No More Bugs from VW and I’m Sad

Daisy and me in the snow, March, 2013.

It was about five years ago that I first saw Daisy, sitting there under a dirty March snow, peeping out with that pretty yellow face. I was immediately smitten, driving into the car lot on Peter’s Creek Road in Roanoke, brushing off some more of the snow and getting a good look at her. There was no way I was leaving without her.

And I didn’t. I paid probably $2,000 more than the book said she was worth, but I didn’t care. I didn’t even need to drive her. A friend told me I was stupid, first to buy a Volkswagen bug, second not to have it inspected and then not to even drive her. But love knows no boundaries.

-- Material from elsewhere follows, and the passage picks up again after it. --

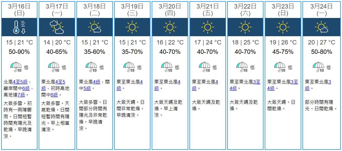 天文台指出,未來兩三日清晨氣溫較低,日間偶有陽光。明日(16日)風勢較大,下周中後期則大致天晴,天氣乾燥。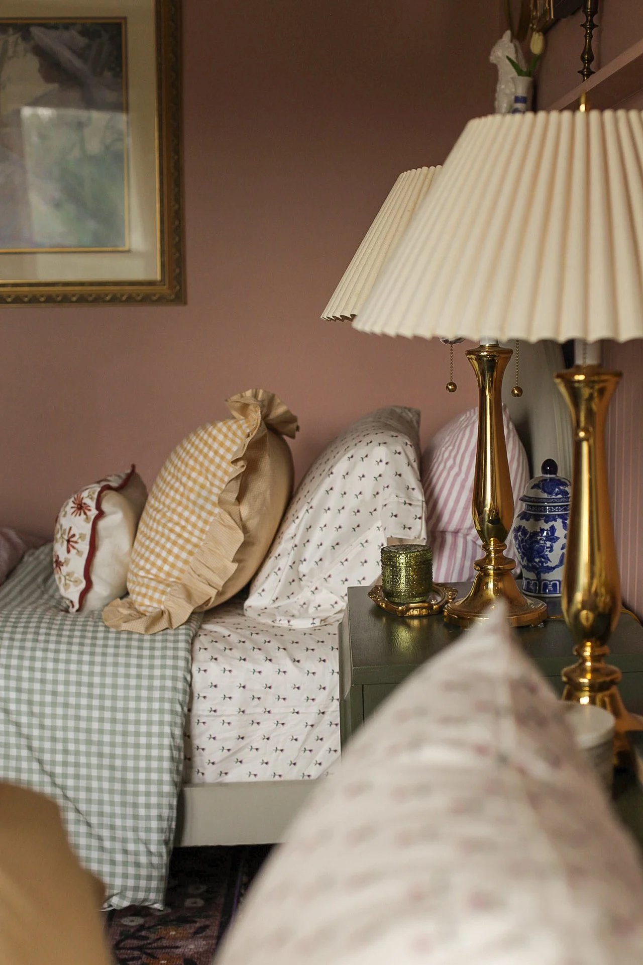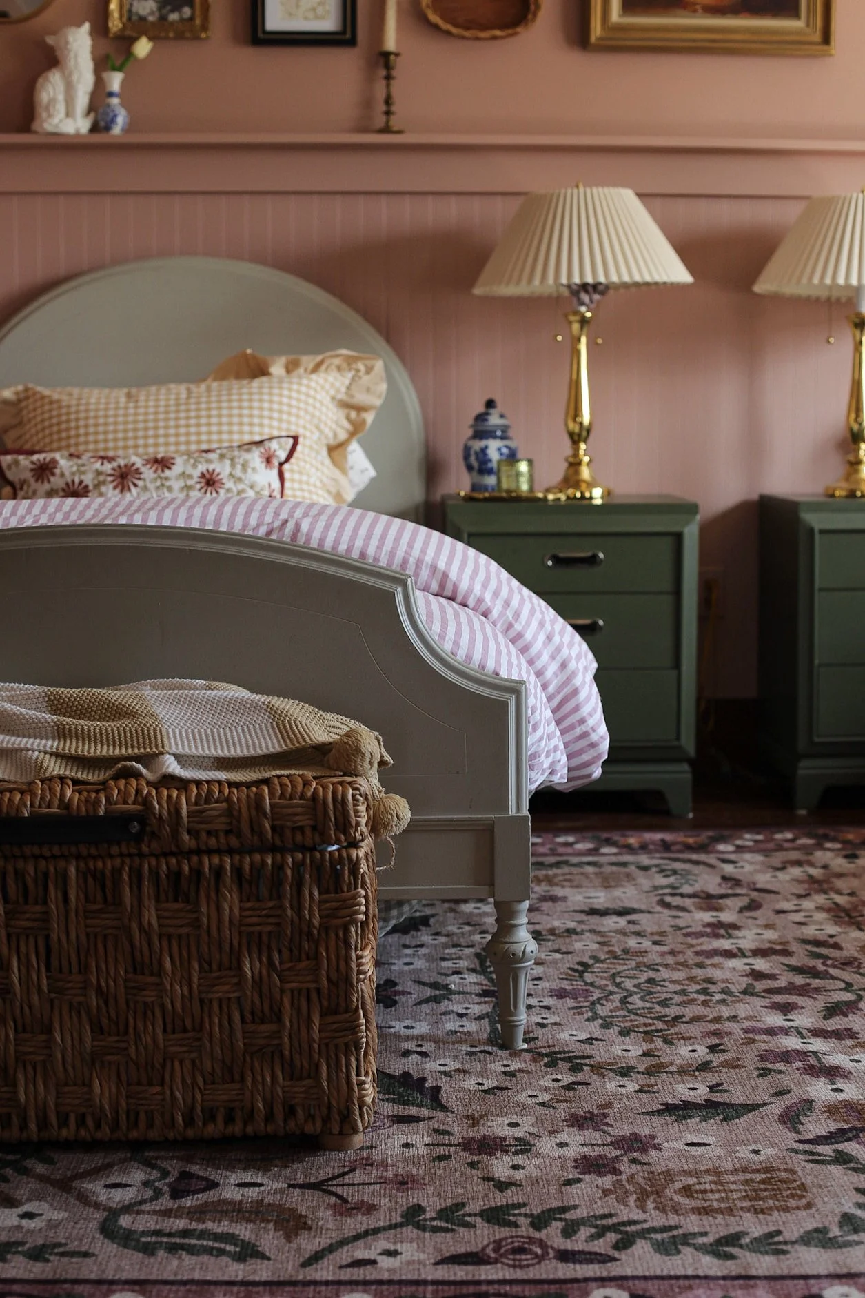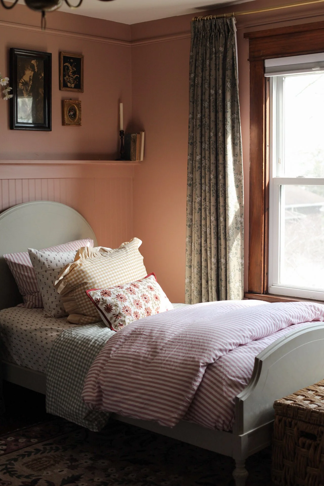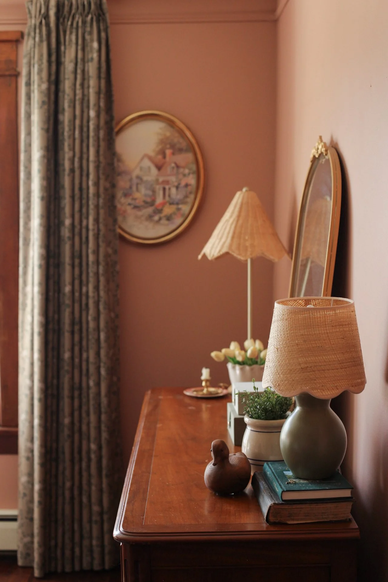Named for its instantly lovable blush-toned walls, The Pink Room is inspired by vintage palettes of days gone by and brims with character through thoughtful details like its arched twin headboard and picture molding. The space invites a collected, heirloom-like ambiance with carefully chosen thrifted finds, from the softly hued bedding and pleated-shade table lamp to gallery-style wall art and woven accents that balance warmth with whimsy.

Since Daisy first entered my life, I’ve had a whole new vision of the importance of a “statement car.” Daisy says–no, yells–“I’m free and I’m happy! Come laugh with me.” I hear almost weekly, “I had no idea you drove a bug, let alone a yellow one.” And then the person says she sees me differently in this (yellow) light. So do I.

I climb into Daisy’s surprisingly roomy interior (this is a different car than it was in the ’50s, ’60s, and ’70s), look at the little pot of daisies on the dash and the small wooden VW cutout hanging from the mirror that my favorite ex-wife made me and I almost always smile. It sets a tone for the day.

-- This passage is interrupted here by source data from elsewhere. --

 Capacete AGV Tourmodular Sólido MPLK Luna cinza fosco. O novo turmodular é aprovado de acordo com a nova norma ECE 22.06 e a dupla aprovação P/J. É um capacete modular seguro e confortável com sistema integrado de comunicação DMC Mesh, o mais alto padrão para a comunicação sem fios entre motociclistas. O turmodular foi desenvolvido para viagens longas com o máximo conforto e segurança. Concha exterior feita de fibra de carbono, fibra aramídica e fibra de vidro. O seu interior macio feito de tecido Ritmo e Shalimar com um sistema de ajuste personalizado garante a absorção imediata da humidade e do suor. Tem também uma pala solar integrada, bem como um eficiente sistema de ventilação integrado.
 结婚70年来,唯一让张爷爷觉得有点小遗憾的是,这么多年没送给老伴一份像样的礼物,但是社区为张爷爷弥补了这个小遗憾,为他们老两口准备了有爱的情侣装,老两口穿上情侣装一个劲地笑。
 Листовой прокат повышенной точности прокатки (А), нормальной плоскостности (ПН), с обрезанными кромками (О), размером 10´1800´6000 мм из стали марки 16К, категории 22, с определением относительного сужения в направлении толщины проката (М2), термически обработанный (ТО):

Now, for the second time, Volkswagen has announced that it will stop producing the car that was originally inspired by Hitler in the 1930s (Volkswagen means “people’s car”). This is an icon, one that has meant a hippie revolution, freedom for poor students and poor young workers, affordability for young parents, a fun ride. It used to sound like a sewing machine and the engine could be overhauled in a few hours using a screwdriver and a pair of pliers. The engine was in the back, over the drive wheels, so it would go in the show when snow plows wouldn’t. It wasn’t comfortable. It got crazy gas mileage (at a time in the U.S. when gas cost 19 cents a gallon and mileage didn’t matter much).

I don’t imagine VW’s decision will affect me and Daisy (she has nearly 200,000 miles on her and still looks nearly new), but I do suspect that when somebody else driving a yellow VW approaches me, the wave I always get will be a smidge more enthusiastic. I hope so. I love that little car.